Let's consider the indefinite integral $$\int \frac{dx}{x\ln x}.$$ We will compute it by integrating by parts: $$\int \frac{dx}{x\ln x}=\int (\ln x)'\frac{dx}{\ln x}=1+\int \frac{dx}{x\ln x}.$$ Hence, $0=1$. The question is : is there anything wrong in these computations?
Note: I came across this example while reading a book on counterexamples in real analysis. I thought that the people here would find this funny, especially because the error is not so obvious to everyone.

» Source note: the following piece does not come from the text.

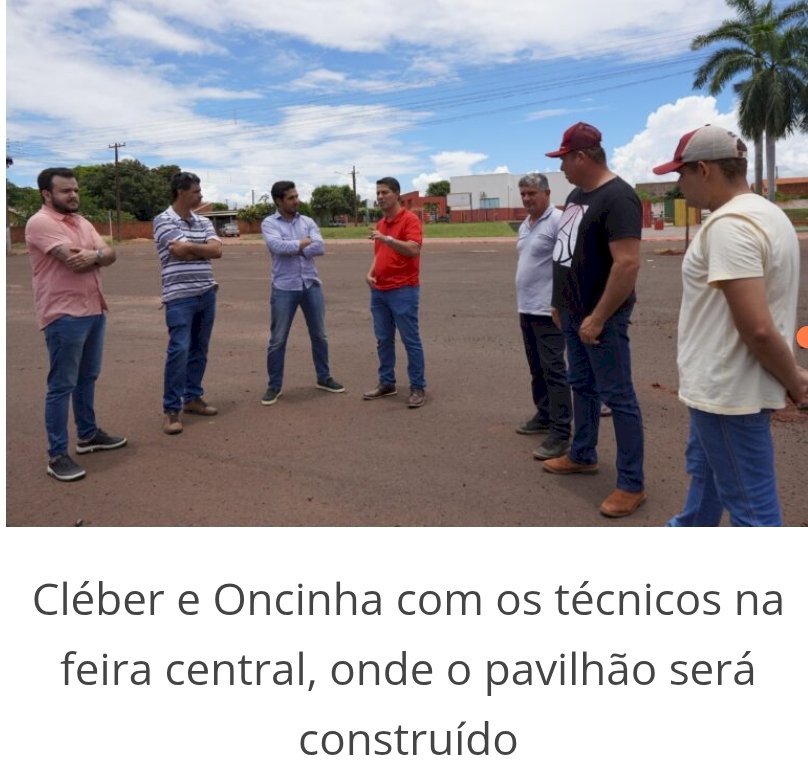 No começo desta semana, o prefeito Cléber acompanhado do vice Eduardo Oncinha estiveram visitando o local onde o pavilhão será construído. A vistoria contou com a presença de representantes da construtora responsável, que explicaram a dinâmica da obra, o prazo de execução e outros detalhes de sua edificação.

The issue here is what an indefinite integral means. An indefinite integral $\int f(x)dx$ is not a single function; rather, it's best thought of as a set of functions, namely, the set $$\{F: {d\over dx}F=f\}.$$ Elements of this set are called antiderivatives, or primitives, of $f$.
This set will always contain more than one element, since adding a constant won't affect the derivative. Notation like $$\int xdx={x^2\over 2}+C$$ is shorthand for "$\int xdx$ is the set of functions of the form $x\mapsto {x^2\over 2}+C$ for some $C\in\mathbb{R}$."
So no, your observation does not imply that zero equals one.
Note that it's not always the case that two antiderivatives must always differ by a constant: if the domain of the function is "not connected," we have more options. E.g. consider the function $f:x\mapsto {1\over x}$, defined on $\mathbb{R}-\{0\}$, has two "pieces" which can behave very differently: the function $F$ sending $x<0$ to $\ln(\vert x\vert) + 42$ and $x>0$ to $\ln( x) -17$ is an antiderivative of $f$, even though it doesn't differ from the "usual" antiderivative $x\mapsto\ln(\vert x\vert)$ by a constant.